Minggu, 23 Februari 2025
1Sam. 26:2,7-9,12-13,22-23
Mzm. 103:1-2,3-4,8,10,12-13
1Kor. 15:45-49.
Luk. 6:27-38
KITA sering menemukan orang yang berbuat baik karena mendapatkan perlakuan baik.
Tindakan itu adalah hal yang wajar dan bisa serta biasa dilakukan siapa saja. Bahkan orang yang dianggap jahat pun bisa membalas kebaikan dengan kebaikan.
Ada juga orang yang berbuat baik dengan harapan mendapat imbalan. Mereka memberi dengan maksud mendapatkan kembali.

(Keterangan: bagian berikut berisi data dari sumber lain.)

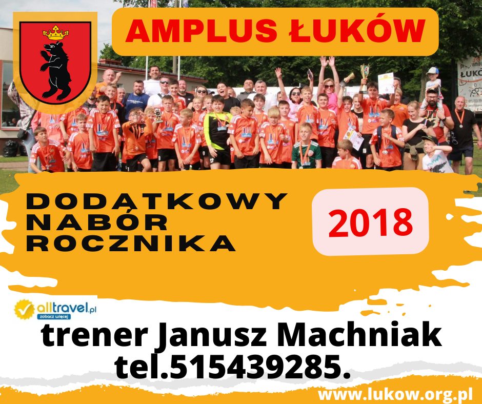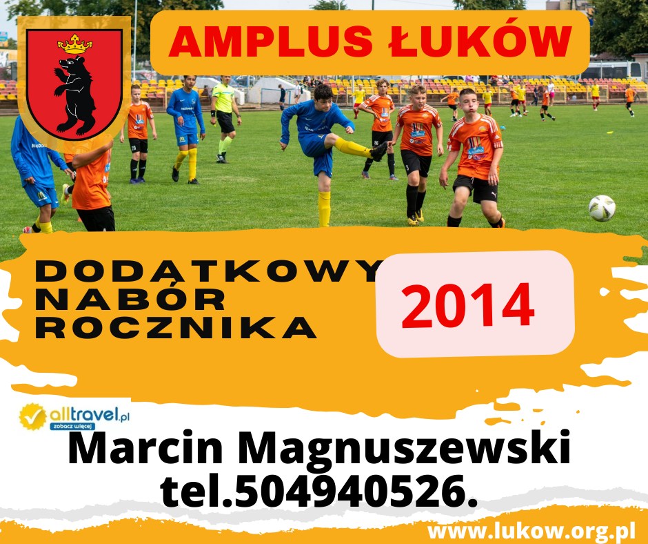 Akademia Młodego Piłkarza AMPlus Łuków prowadzi dodatkowy nabór dzieci z roczników 2014 - 2020. Zapisy przyjmują trenerzy poszczególnych roczników.
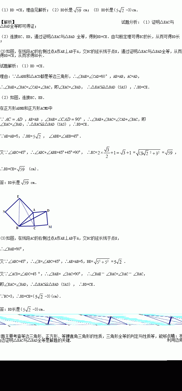 (2)如图2,△ABC中,∠ABC=45°,AB=5cm,BC=3cm,分别以AB、AC为边向外作正方形ABNE和正方形ACMD,连接BD,求BD的长.
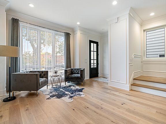 Stunning new construction single-family home in prime Bucktown location by a highly experienced builder. With 6 bedrooms and 4.2 baths, this residence combines suburban-scale living spaces with designer-curated materials and bespoke finishes to set a new standard for luxury. The main level is anchored by a chef's kitchen with Taj Mahal quartzite countertops and backsplash, a custom vent hood wrap, premium appliances, and two pantries, opening to a spacious living area with vented gas fireplace, custom built-ins, and detailed millwork. Large European windows throughout fill the home with natural light, tilt open for fresh air, and enhance the sense of quiet comfort inside. Upstairs, skylights flood the top floor with natural light and blue-sky views. The primary suite offers a generous layout with walk-in closet and a spa-like bath featuring dual vanities, a large steam shower, freestanding soaking tub, heated floors, and designer fixtures. Three additional bedrooms complete this level, including one with a connecting bath and another with an en-suite and walk-in closet, plus a conveniently located laundry room. The lower level is a true living space with 10-foot ceilings, radiant heated floors, jewel-toned designer tilework, a large recreation room with wet bar, a glass-enclosed office or bedroom, a private guest suite with en-suite bath and dual closets, and a second laundry center. Outdoor living includes a gated front yard, a private terrace at the back of the home, an oversized 2.5-car garage, and an expansive rooftop deck finished with tile, extending the living space for entertaining. Newly completed, this home is move-in ready.
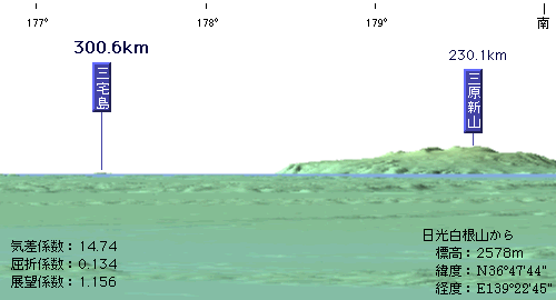 ※2000年6月に始まった火山活動により、雄山の山頂火口付近は崩れ落ちて低くなってしまいました。今ではもう、日光白根山−三宅島は見えないかもしれません。 噴火後の三宅島の地形については、国土地理院のウェブサイト「三宅・神津島のページ」を参照してください。
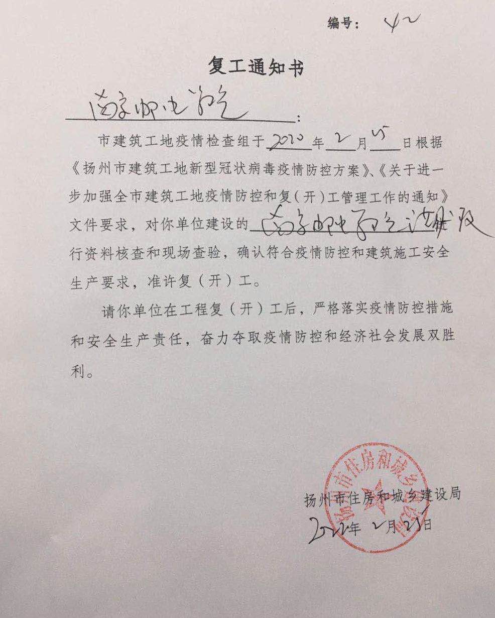 经过联合检查,南邮英国威廉希尔公司二期工程二标段通过资料核查和现场查验,确认符合疫情防控和建筑安全生产要求,准许复工。
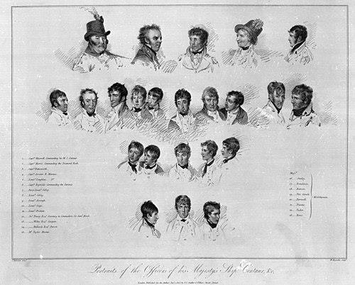 И. Экштейн. Портреты офицеров HMS Centaur, 1805. первый дейтенанти "Кентавра" Джеймс Морис (будущий командир "каменного шлюпа "Даймонд Рок") — в верхнем ряду, второй слева
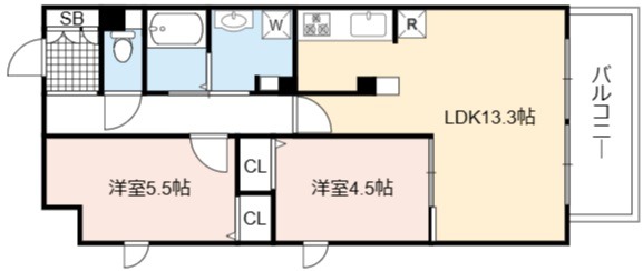 | 間取り詳細 | LDK 13.3畳 、 洋室 5.5畳 、 洋室 4.5畳 |

Jika kita melakukan kebaikan dengan motivasi mencari balasan, kita ini tidak berbeda dengan orang lain. Yang melakukan kebaikan karena ingin mendapatkan kebaikan orang lain.
Kebaikan sejati tidak bergantung pada keuntungan pribadi, dari balasan amal bakti yang kita lakukan melainkan berasal dari hati yang tulus.
“Kalau saja mobil saya tidak bermasalah dan masih di bengkel maka kami tidak akan terlantar seperti ini,” ujar seorang bapak.
“Semua orang mau ikut numpang mobil saya jika ada acara, dan saya dengan senang hati membawa mereka. Namun giliran saya tidak ada mobil mereka meninggalkan saya dan tidak ada satu pun yang menawarkan atau mengajak kami bersama mereka.
Banyak teman yang punya mobil namun tidak pernah mau mengeluarkan mobilnya untuk kebersamaan. Mereka keluar mobil hanya untuk keluarga mereka sendiri.
Menjadi murah hati itu tidak mudah, karena harus berkorban dan itu sangat membanggakan setiap melakukannya. Berkurban itu tentu bukan tindakan murahan.
Biarlah ‘murahan’ itu menjadi milik mereka yang nyaman dengan dirinya sendiri, tidak mau bertindak lebih untuk orang lain, tidak mau berkurban bagi sesama, atau yang hanya mencari keuntungan bagi dirinya sendiri, “keluh bapak itu.
Dalam bacaan Injil hari ini kita dengar demikian, “Berilah kepada setiap orang yang meminta’ kepadamu, dan janganlah meminta kembali dari orang yang mengambil kepunyaanmu.”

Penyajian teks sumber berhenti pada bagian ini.